Task objective: Would you restate each entry word for word, omitting the pictures?

Source data:
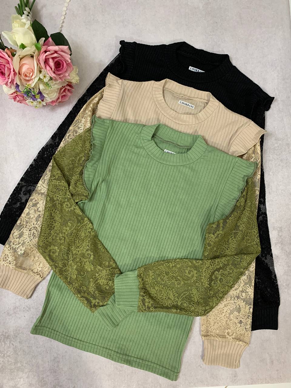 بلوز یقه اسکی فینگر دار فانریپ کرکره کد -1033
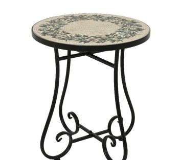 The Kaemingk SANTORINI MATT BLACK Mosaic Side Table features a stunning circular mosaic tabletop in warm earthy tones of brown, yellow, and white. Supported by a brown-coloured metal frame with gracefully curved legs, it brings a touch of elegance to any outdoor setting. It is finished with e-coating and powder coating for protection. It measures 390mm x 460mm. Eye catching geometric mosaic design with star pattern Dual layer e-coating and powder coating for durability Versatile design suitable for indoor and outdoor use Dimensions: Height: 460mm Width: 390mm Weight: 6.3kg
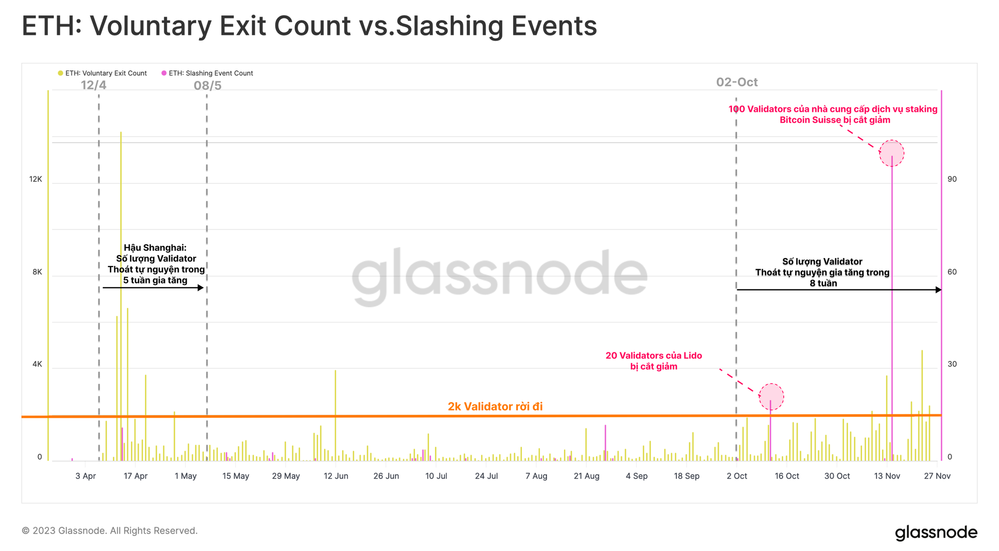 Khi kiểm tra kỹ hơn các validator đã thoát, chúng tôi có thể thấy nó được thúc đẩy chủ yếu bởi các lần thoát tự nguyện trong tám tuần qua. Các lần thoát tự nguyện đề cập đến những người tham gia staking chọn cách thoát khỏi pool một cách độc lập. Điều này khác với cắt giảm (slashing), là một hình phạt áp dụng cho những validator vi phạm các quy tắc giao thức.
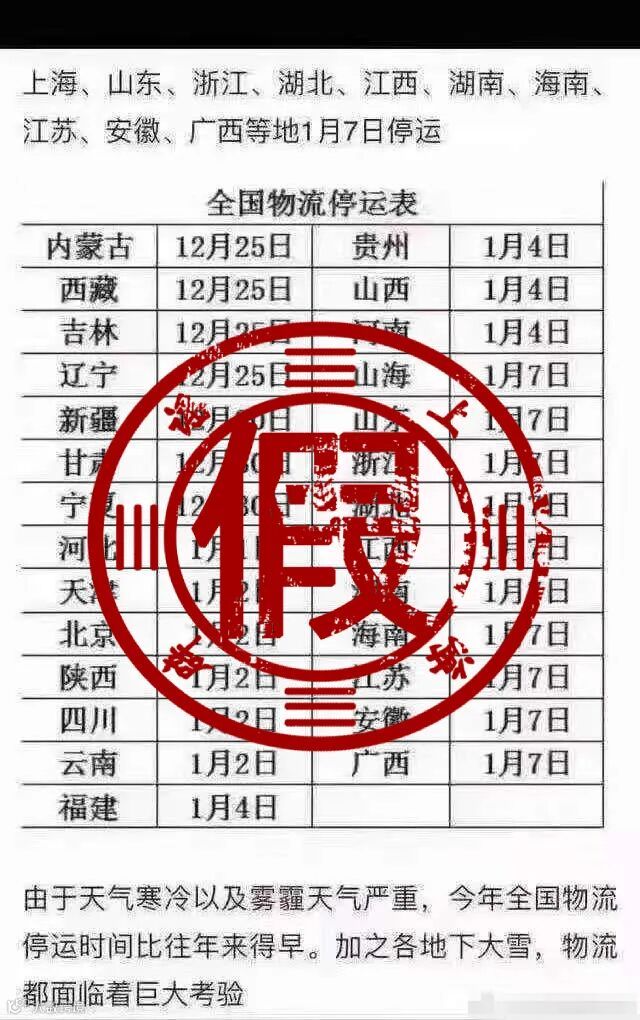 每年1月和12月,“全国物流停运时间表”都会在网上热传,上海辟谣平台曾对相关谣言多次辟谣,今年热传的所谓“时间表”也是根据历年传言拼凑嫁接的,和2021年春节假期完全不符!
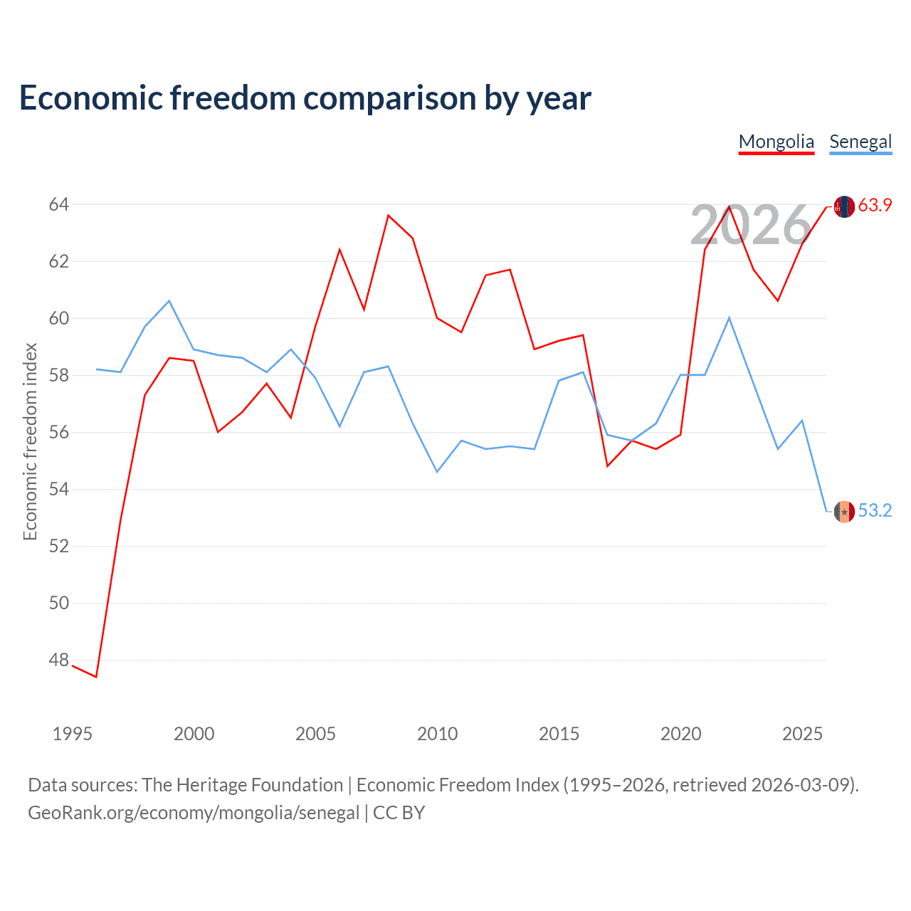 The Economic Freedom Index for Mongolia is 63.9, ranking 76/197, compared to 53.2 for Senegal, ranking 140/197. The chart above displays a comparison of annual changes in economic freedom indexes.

Response area:
 بلوز یقه اسکی فینگر دار فانریپ کرکره کد -1033
 The Kaemingk SANTORINI MATT BLACK Mosaic Side Table features a stunning circular mosaic tabletop in warm earthy tones of brown, yellow, and white. Supported by a brown-coloured metal frame with gracefully curved legs, it brings a touch of elegance to any outdoor setting. It is finished with e-coating and powder coating for protection. It measures 390mm x 460mm. Eye catching geometric mosaic design with star pattern Dual layer e-coating and powder coating for durability Versatile design suitable for indoor and outdoor use Dimensions: Height: 460mm Width: 390mm Weight: 6.3kg
 Khi kiểm tra kỹ hơn các validator đã thoát, chúng tôi có thể thấy nó được thúc đẩy chủ yếu bởi các lần thoát tự nguyện trong tám tuần qua. Các lần thoát tự nguyện đề cập đến những người tham gia staking chọn cách thoát khỏi pool một cách độc lập. Điều này khác với cắt giảm (slashing), là một hình phạt áp dụng cho những validator vi phạm các quy tắc giao thức.
 每年1月和12月,“全国物流停运时间表”都会在网上热传,上海辟谣平台曾对相关谣言多次辟谣,今年热传的所谓“时间表”也是根据历年传言拼凑嫁接的,和2021年春节假期完全不符!
 The Economic Freedom Index for Mongolia is 63.9, ranking 76/197, compared to 53.2 for Senegal, ranking 140/197. The chart above displays a comparison of annual changes in economic freedom indexes.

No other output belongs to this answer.